FSP provides a more robust and informative training signal, reducing teacher forcing and discouraging shortcut learning. This leads to improved generalization on tasks requiring long-horizon reasoning and planning. The approach is compatible with existing transformer architectures and can be integrated into large-scale pretraining pipelines with minimal modifications.

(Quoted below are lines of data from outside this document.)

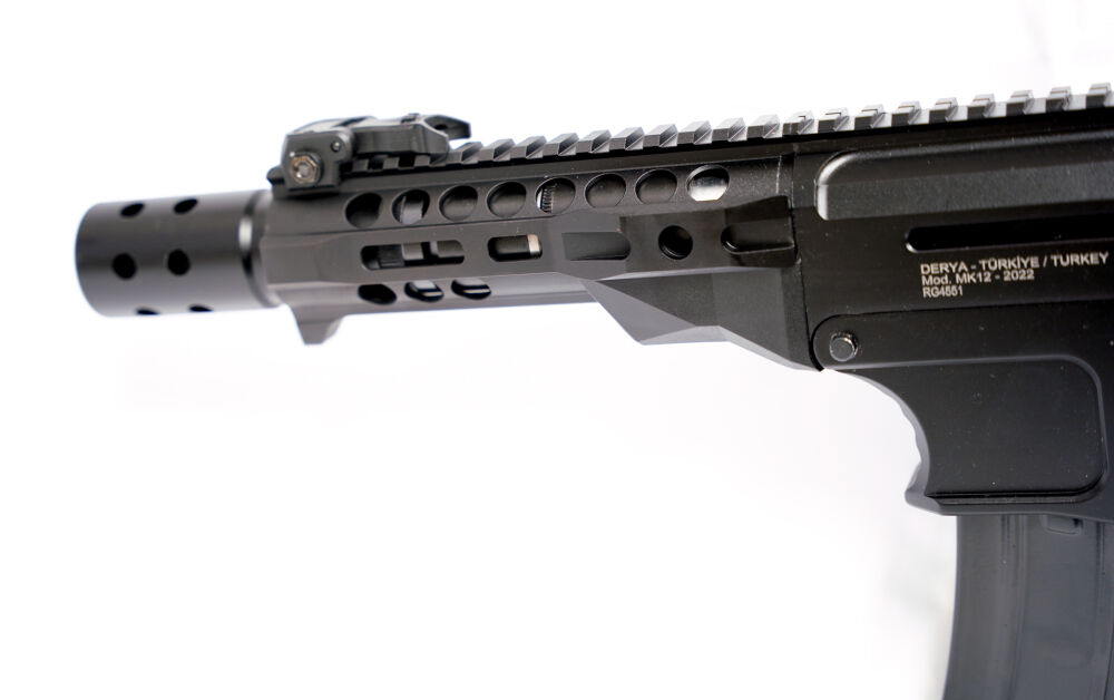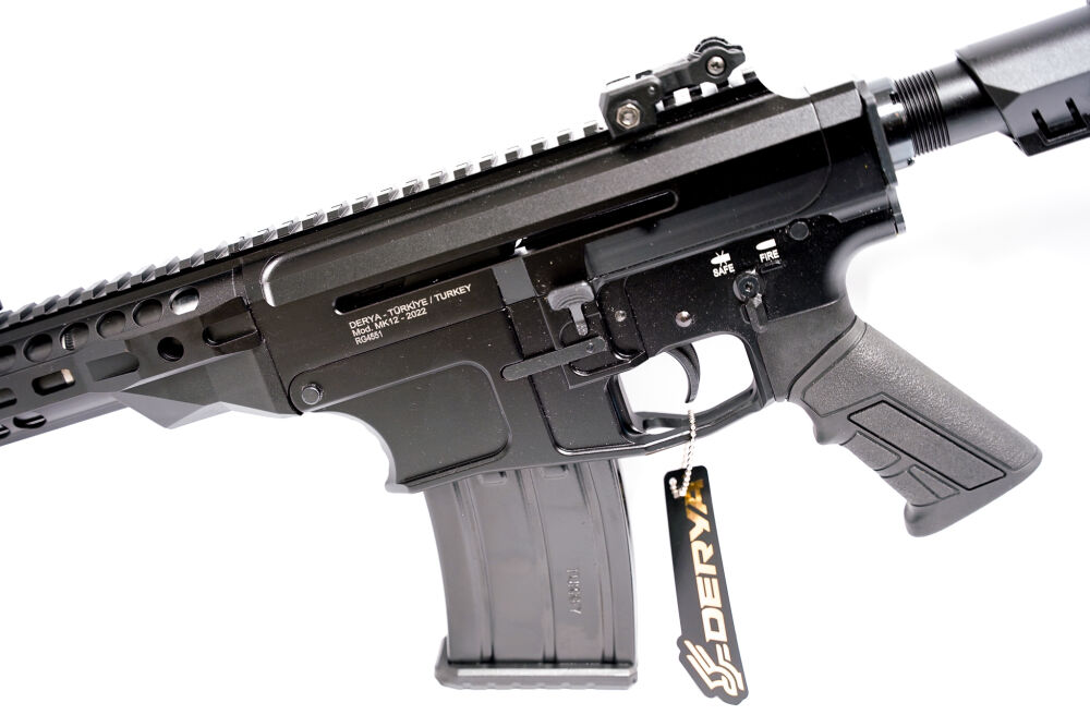 Die leistungsfähige und vielseitige MK-12 ist eine gasbetriebene halbautomatische Flinte mit zweiteiliger Gehäusekonstruktion aus hochwertigem 7075 Aluminium. Die Sicherung, der Verschlussfang und Magazinauslöser entsprechen in ihrer Funtion dem AR15. Am Verschlussgehäuse wurde Picatinny-Schiene angebracht, die die Montage von optional erhältlichem Zubehör erlauben. Standardmäßig ist die MK-12 mit einer verstellbaren offenen Visierung ausgestattet, die beide verstellt werden können. Der Teleskop-Hinterschaft, sowie die Wangenauflage sind individuell einstellbar. Die integrierte, weiche Schaftkappe mindert den Rückstoß. Zum Lieferumfang gehören neben den drei abnehmbaren (2+1, 5+1, 10+1) Kastenmagazinen, eine Ledertasche, Wechselchokes und der Zerlegewerkzeug.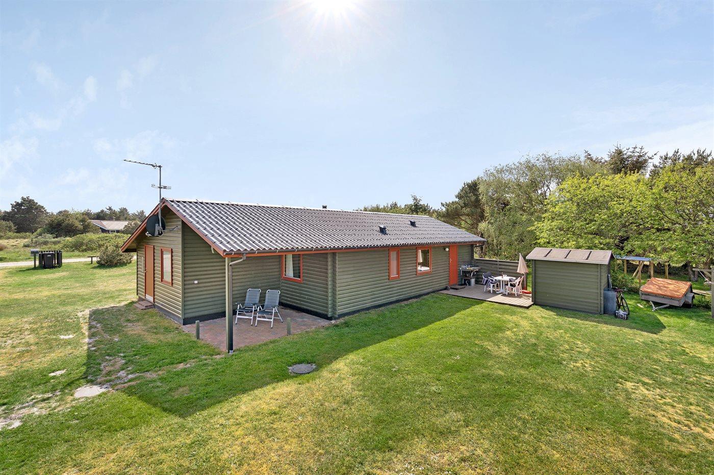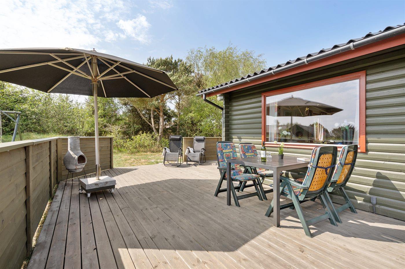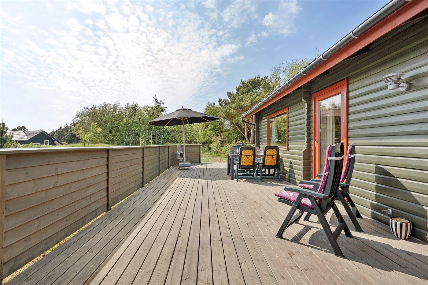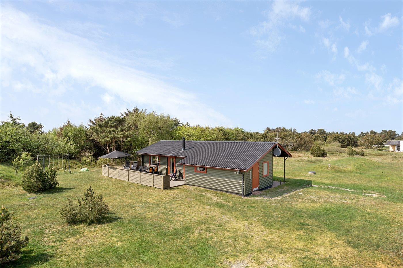 Rummeligt sommerhus i Vejers Strand med naturgrund, terrasse og plads til husdyr.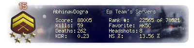| Kill-streak | 3 | Death-streak | 19 | Team Kills | 0 |

Theoretically, FSP shifts the focus from local token prediction to global sequence properties, aligning the training objective more closely with the demands of open-ended generation and reasoning. Practically, it enables more efficient use of training data and compute, especially as scaling laws plateau.

Future Directions

Potential avenues for future research include:

Refinement of learned summaries: Exploring alternative architectures for the reverse model or more sophisticated summary extraction methods.
Integration with bidirectional and diffusion-based models: Combining FSP with other paradigms that leverage global sequence information.
Task-specific summary adaptation: Dynamically adjusting the summary window or representation based on downstream task requirements.
Analysis of summary informativeness: Quantifying the contribution of different summary components to downstream performance.

Conclusion

Future Summary Prediction (FSP) represents a principled advancement in LLM pretraining objectives, addressing the scalability and informativeness limitations of multi-token prediction. By predicting compact, adaptive summaries of the future, FSP delivers stronger supervision, reduces teacher forcing, and improves performance on long-horizon reasoning and coding tasks. The empirical results and architectural simplicity suggest that FSP is a promising direction for next-generation LLMs, with broad applicability and potential for further refinement.